I am wondering if the sum of two non-zero coprime fifth powers can be powerful. There are no small solutions.

Q1 Can the sum of two non-zero coprime fifth powers be powerful?

Got a partial result, possibly wrong.

Consider the surface:

$$ S: x^5+y^5-z^2 t^3=0 $$

According to Magma it is a rational surface with complete parametrization:

```
x,y,z,t=u^8*s^2 + 10*u^7*v*s^2 + 43*u^6*v^2*s^2 + 104*u^5*v^3*s^2 + 155*u^4*v^4*s^2 + 147*u^3*v^5*s^2 + 90*u^2*v^6*s^2 + 36*u*v^7*s^2 + 8*v^8*s^2, u^7*v*s^2 + 9*u^6*v^2*s^2 + 34*u^5*v^3*s^2 + 70*u^4*v^4*s^2 + 85*u^3*v^5*s^2 + 62*u^2*v^6*s^2 + 28*u*v^7*s^2 + 8*v^8*s^2, u^5*s^5 + 10*u^4*v*s^5 + 40*u^3*v^2*s^5 + 80*u^2*v^3*s^5 + 80*u*v^4*s^5 + 32*v^5*s^5, u^10 + 10*u^9*v + 45*u^8*v^2 + 120*u^7*v^3 + 210*u^6*v^4 + 254*u^5*v^5 + 220*u^4*v^6 + 140*u^3*v^7 + 65*u^2*v^8 + 20*u*v^9 + 4*v^10
```

$$ \begin{aligned} x =& (u + v) \cdot s^{2} \cdot (u + 2 v)^{3} \cdot (u^{4} + 3 u^{3} v + 4 u^{2} v^{2} + 2 u v^{3} + v^{4}) \\ y =& v \cdot s^{2} \cdot (u + 2 v)^{3} \cdot (u^{4} + 3 u^{3} v + 4 u^{2} v^{2} + 2 u v^{3} + v^{4}) \\ z =& s^{5} \cdot (u + 2 v)^{5} \\ t =& (u + 2 v)^{2} \cdot (u^{4} + 3 u^{3} v + 4 u^{2} v^{2} + 2 u v^{3} + v^{4})^{2} \end{aligned} $$

Which means $x^5+y^5 = z'^{10} t'^6$.

The inverse map is: $$ u=x^2 t - y^2 t, \; v=x y t + y^2 t, \; s=z t^2 $$

The inverse map implies for integer solution $(x,y,z,t)$, $u,v,s$ must be integers.

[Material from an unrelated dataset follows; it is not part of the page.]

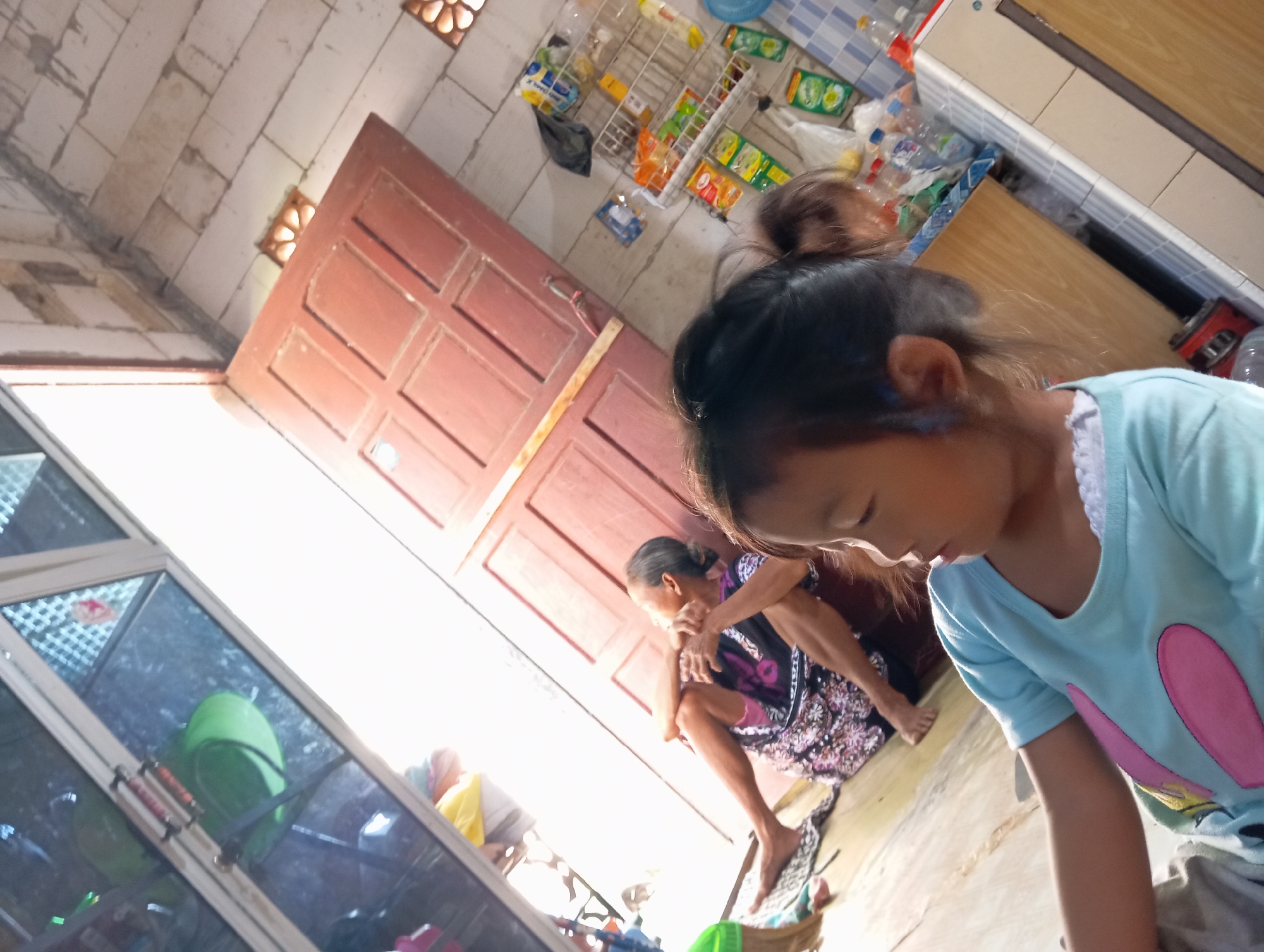 The photograph shows a young girl with her hair in a bun, wearing a blue shirt with pink details. She is positioned in the foreground, looking down. Behind her, an older woman sits cross-legged on the floor, wearing a dark, patterned dress. A red wooden door is visible behind the woman, and there's a window to the left of the frame. Above the door, there is a cluttered area with various bottles and packages. The location appears to be indoors, and based on the prompt, it is likely in Baron, Indonesia.

From the parametrization $$ \gcd(x,y)=s^{2} \cdot (u + 2 v)^{3} \cdot (u^{4} + 3 u^{3} v + 4 u^{2} v^{2} + 2 u v^{3} + v^{4}) $$

And for coprimality, $|s|=1 ,\; | u + 2 v | =1 ,\; |u^{4} + 3 u^{3} v + 4 u^{2} v^{2} + 2 u v^{3} + v^{4}|=1$ which leads to solution of an univariate polynomial, giving no solution.

Q2 Is the above argument correct?

It would be a proof to FLT for exponent $5$.

The related surface $$ S_7: x^7+y^7-z^3 t^4 = 0 $$

Is rational too.

Q3 Is it true that for a prime $p \ge 5$, the surface $ S_p: x^p + y^p - z^{\lfloor p / 2\rfloor} t^{p - \lfloor p / 2\rfloor} =0 $ is rational?

Magma timeouts. According to a Macaulay2 program even $S$ is not rational.